• _Activity_:
Excluding pictures, reproduce word for word the lines from the one containing "Melde dich unter" through the end of the material below.

• _Material provided_:
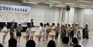 色々な思いを胸に迎えた生活発表会当日。そんな中で、こんな事出来るようになったんだよ!と日頃から楽しんでいるリズム遊びや歌を歌ったり、保育所での経験や大好きな絵本などをテーマにした劇を、おうちの方の前で披露してくれました。
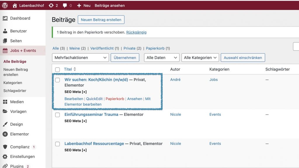 Melde dich unter labenbachhof.de/wp-admin an und gehe zur Seite Jobs + Events.
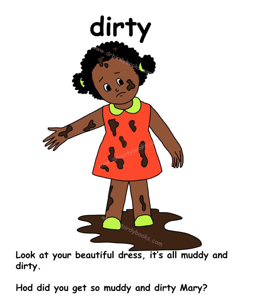 Vocabulary flash card for kids. dirty with picture of dirty (vocabulary ...

• _Task output_:
 Melde dich unter labenbachhof.de/wp-admin an und gehe zur Seite Jobs + Events.
 Vocabulary flash card for kids. dirty with picture of dirty (vocabulary ...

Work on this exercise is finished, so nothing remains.